● **Instructions for the task**
Restate the listing below word for word; no pictures belong in the copy.

● **Data section**
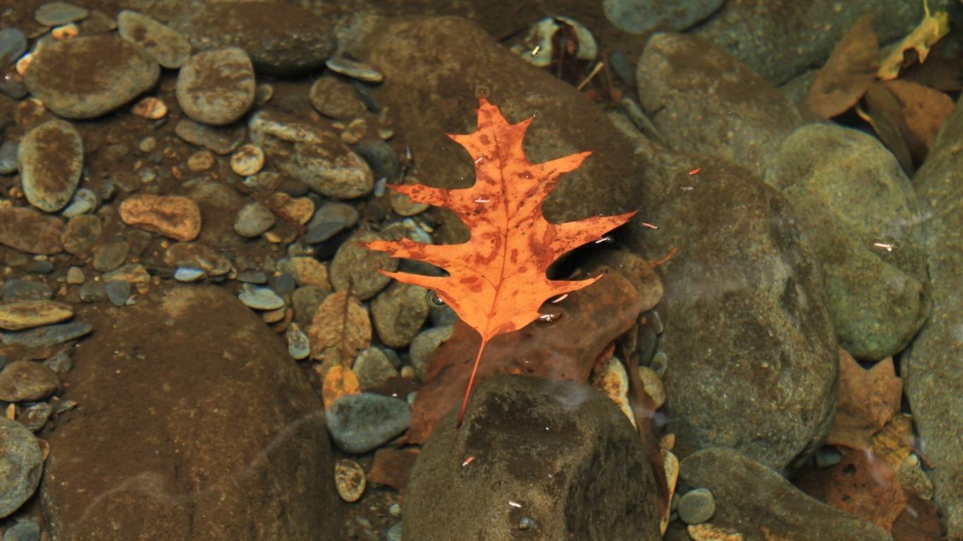 Wallpaper Oak leaf on water
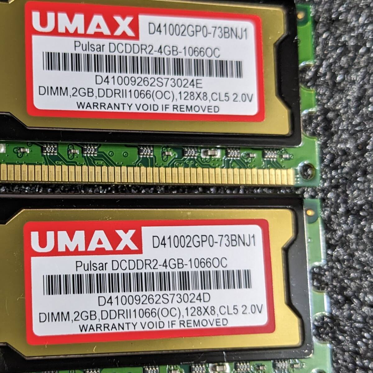 UMAXのオーバークロックDDR2メモリ、2GB2枚組合計4GBのセットです。
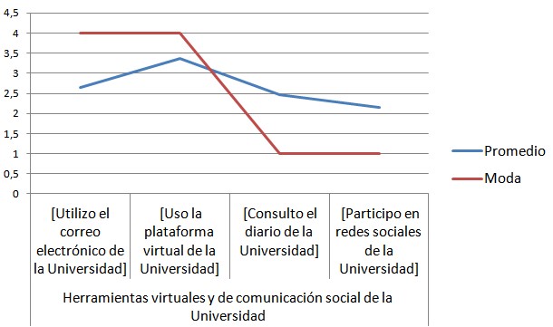 Como se puede observar los alumnos utilizan asiduamente la plataforma virtual y el correo de la universidad con unos promedios respectivamente de: 3,3 y 2,6 sobre 4. En la Figura 7 mostramos la evolución del promedio con respecto a las herramientas virtuales y de comunicación social en la Universidad.
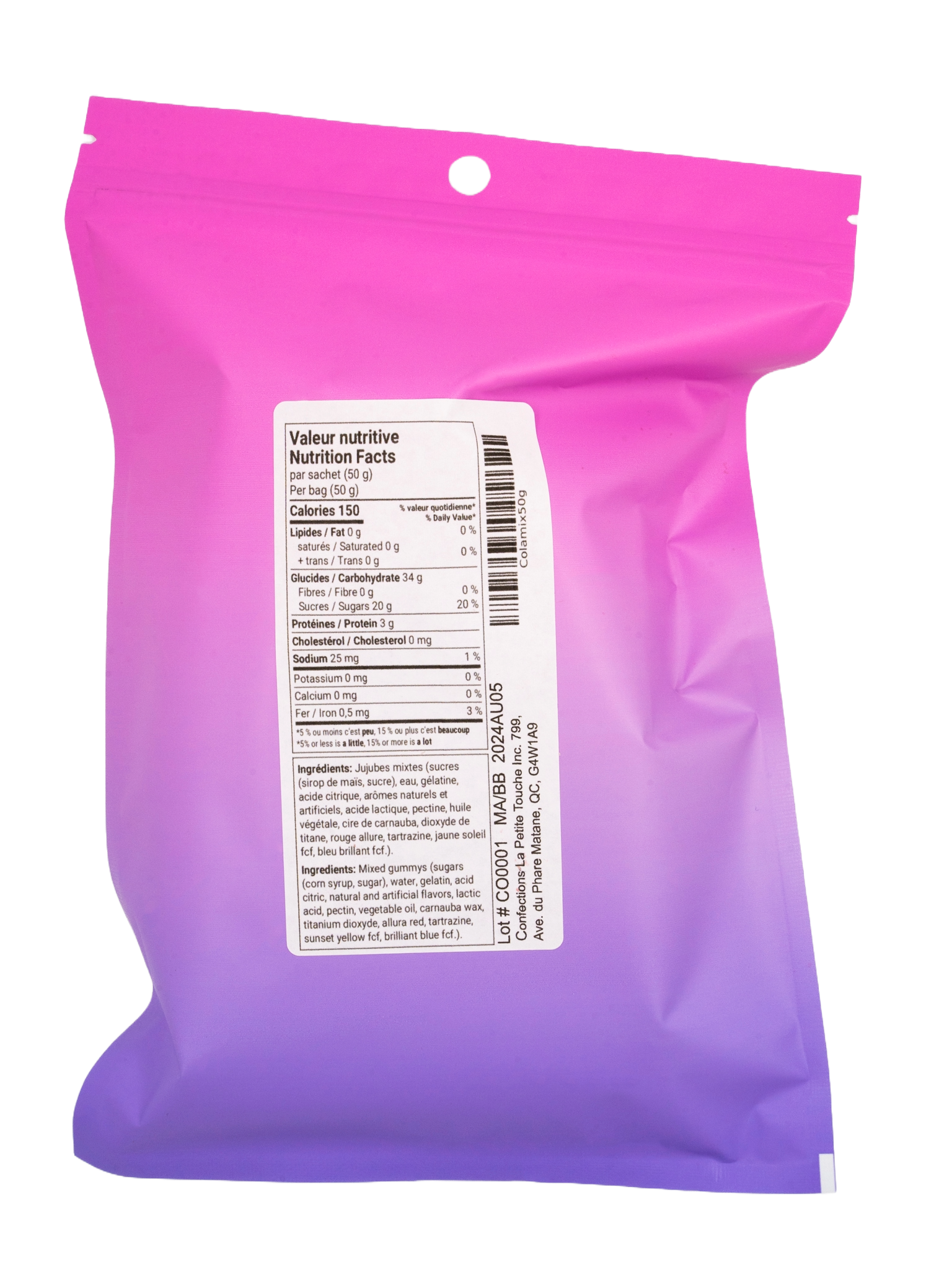 Nos friandises sont manipulées et transformées dans des conditions contrôlées par du personnel qualifié dans notre atelier de confection spécialement aménagé pour répondre aux exigences en matière de sécurité alimentaire. Chaque sac est méticuleusement emballé à la main et est toujours inspecté avant d’être expédié.

● **Response to this task**
 Wallpaper Oak leaf on water
 UMAXのオーバークロックDDR2メモリ、2GB2枚組合計4GBのセットです。
 Como se puede observar los alumnos utilizan asiduamente la plataforma virtual y el correo de la universidad con unos promedios respectivamente de: 3,3 y 2,6 sobre 4. En la Figura 7 mostramos la evolución del promedio con respecto a las herramientas virtuales y de comunicación social en la Universidad.
 Nos friandises sont manipulées et transformées dans des conditions contrôlées par du personnel qualifié dans notre atelier de confection spécialement aménagé pour répondre aux exigences en matière de sécurité alimentaire. Chaque sac est méticuleusement emballé à la main et est toujours inspecté avant d’être expédié.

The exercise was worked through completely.